An individual decides to drive home after an evening out despite being knowingly over the legal alcohol limit; before completing their journey they are stopped by the police and charged with driving under the influence. In a parallel universe, the same scenario occurs but with one key difference – prior to being pulled over by the police the individual’s intoxication leads to an accident that causes serious injuries for passengers in another car. How should we view the perpetrator in these two incidents?
Our reaction from an ethical[i], and legal, standpoint is often to judge the second version more harshly – because the consequences were far more severe, but should this be the case? In both cases the main failing is identical – the initial flawed decision to drive after excessive alcohol intake. The relative results, however, are due to luck; the individual in the first instance experienced good luck (comparatively), and the other bad. Such judgements are often heavily influenced by the results, even if they are reliant on chance; an example of outcome bias[ii].
Our tendency to judge the quality of a decision by the ultimate consequence is a simple concept. In many instances it is also a prudent one; results often provide a useful gauge of the value of the actions that led to them. However, as with many things, once you add a healthy dose of randomness things start to become problematic.
“A good decision cannot guarantee a good outcome. All real decisions are made under uncertainty.
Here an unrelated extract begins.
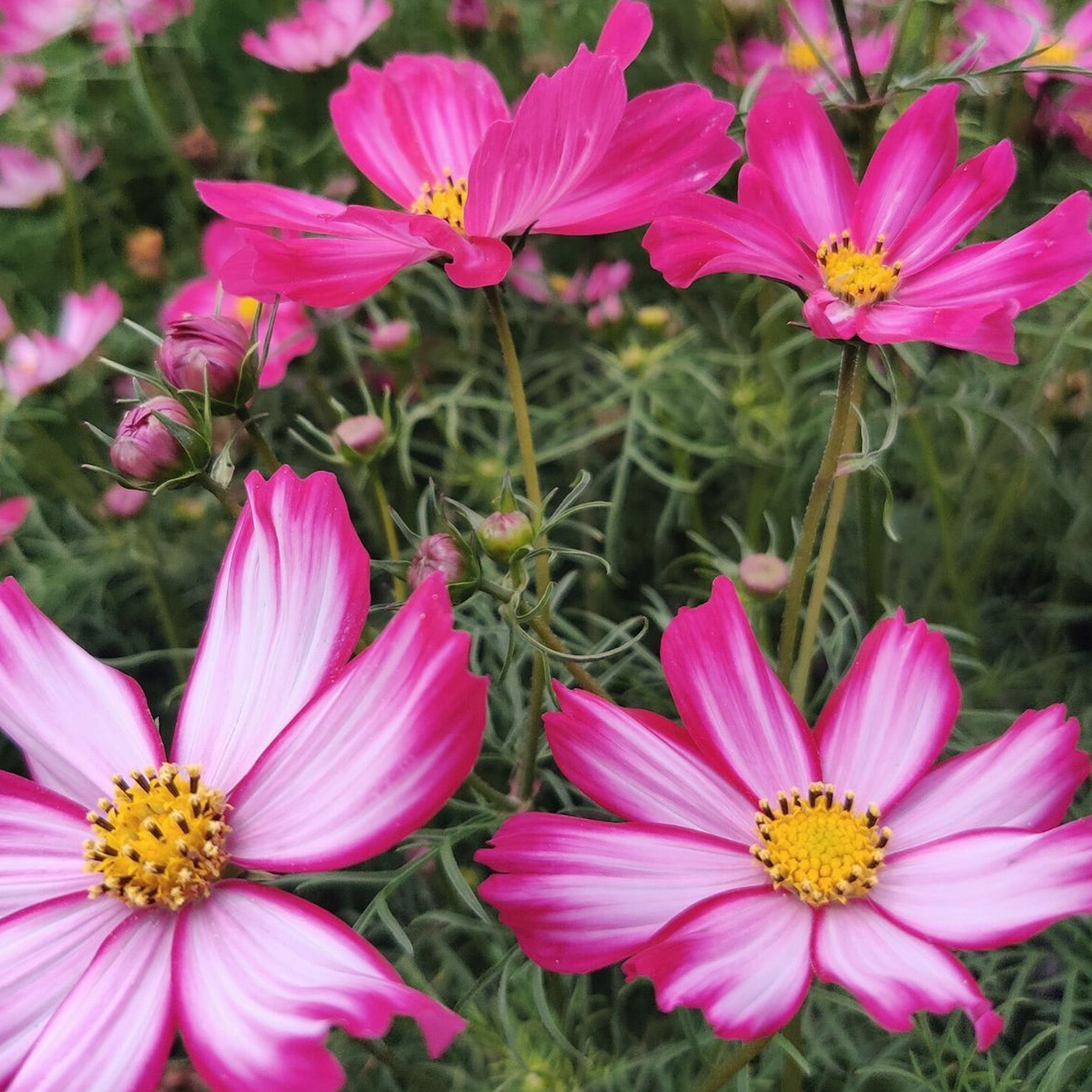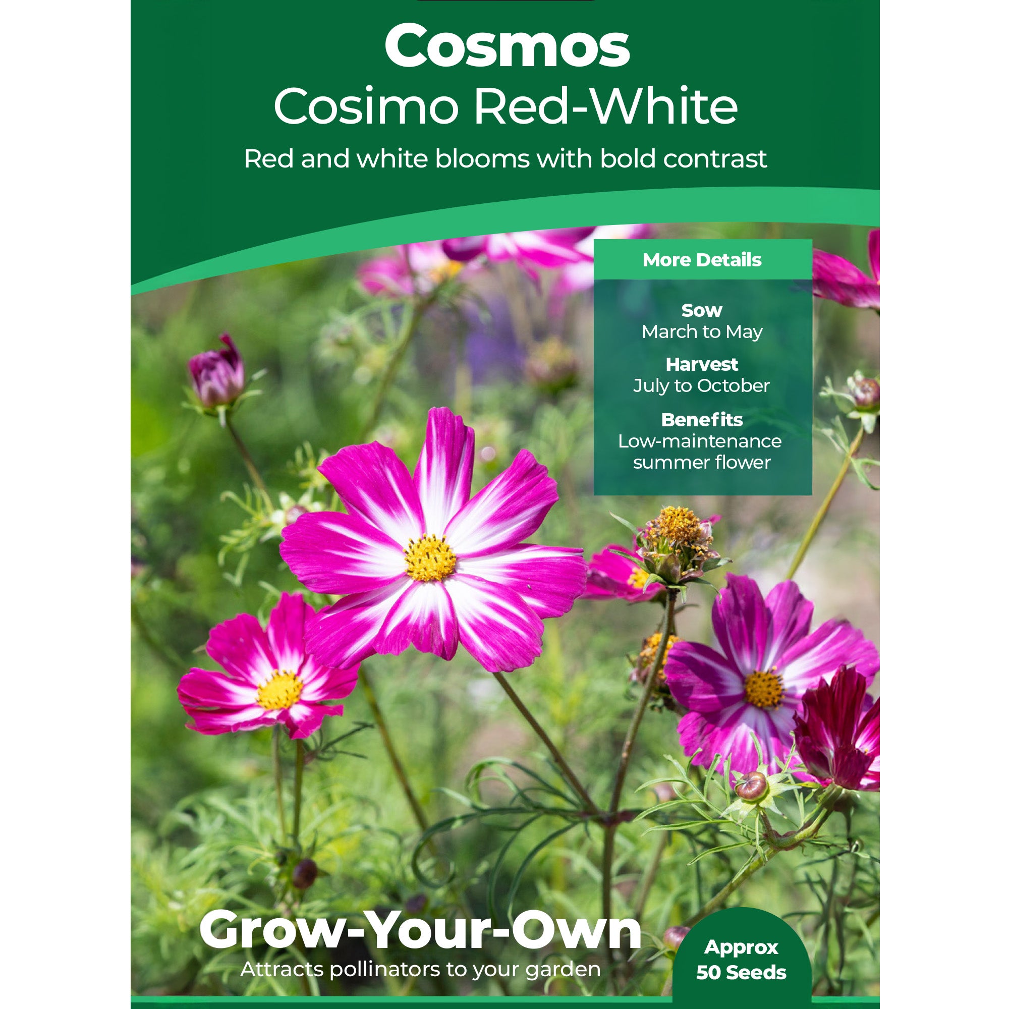 Cosmos Cosimo Red-White creates an eye-catching display in beds and borders and will be the envy of your neighbours. It is also well-suited to container gardening and looks stunning in pots, window boxes, and hanging baskets.
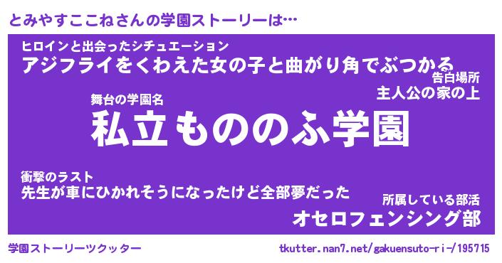 | 男性向けラノベタイトル風あだ名 | 『とみやすここねの憂鬱』 |

A decision is therefore a bet, and evaluating it as good or not must depend on the stake and the odds, not on the outcome”[iii] (Ward Edwards)
Financial markets are the perfect breeding ground for outcome bias – results are obvious and easy to obtain, whilst judging process and decision quality is incredibly difficult, which means we rely heavily on the former. We also grossly understate the sheer level of unpredictability, largely due to the wonders of hindsight bias and our susceptibility to a compelling narrative.
In reality, our faith in the information provided by any outcome, should be scaled by the amount of luck there is involved. In certain endeavours results provide a good measure of decision quality; in others we hugely exaggerate the importance of outcomes.
Take chess as an example; it is a heavily structured game, dominated by skill, not chance, and with limited luck or randomness in its results. If I played 100 chess matches with Magnus Carlsen, I would lose each one and these outcomes would prove an excellent indication of our relative abilities. You wouldn’t need to watch each match to know this. Outcome bias is rarely a problem in such activities.
Now imagine that I had to enter a portfolio management competition against my seven year old son, where we each had to pick a portfolio of 30 stocks. As much as I might like to believe that I would hold a significant advantage, I know the probability of my selections outperforming his over a single year are not much greater than 50%. Whilst the odds may tilt in my favour as the time horizon extends there are no guarantees – maybe he has picked some stocks that go on to enjoy dramatic growth, or given his portfolio a factor tilt that is in vogue for a number of years. Not only am I faced with prospect of my diligent investment decision making being improved upon by the haphazard selections of a child, but outcome bias means that my son’s investment success may see him appearing on Bloomberg and asked to give his opinion on the Fed’s next move.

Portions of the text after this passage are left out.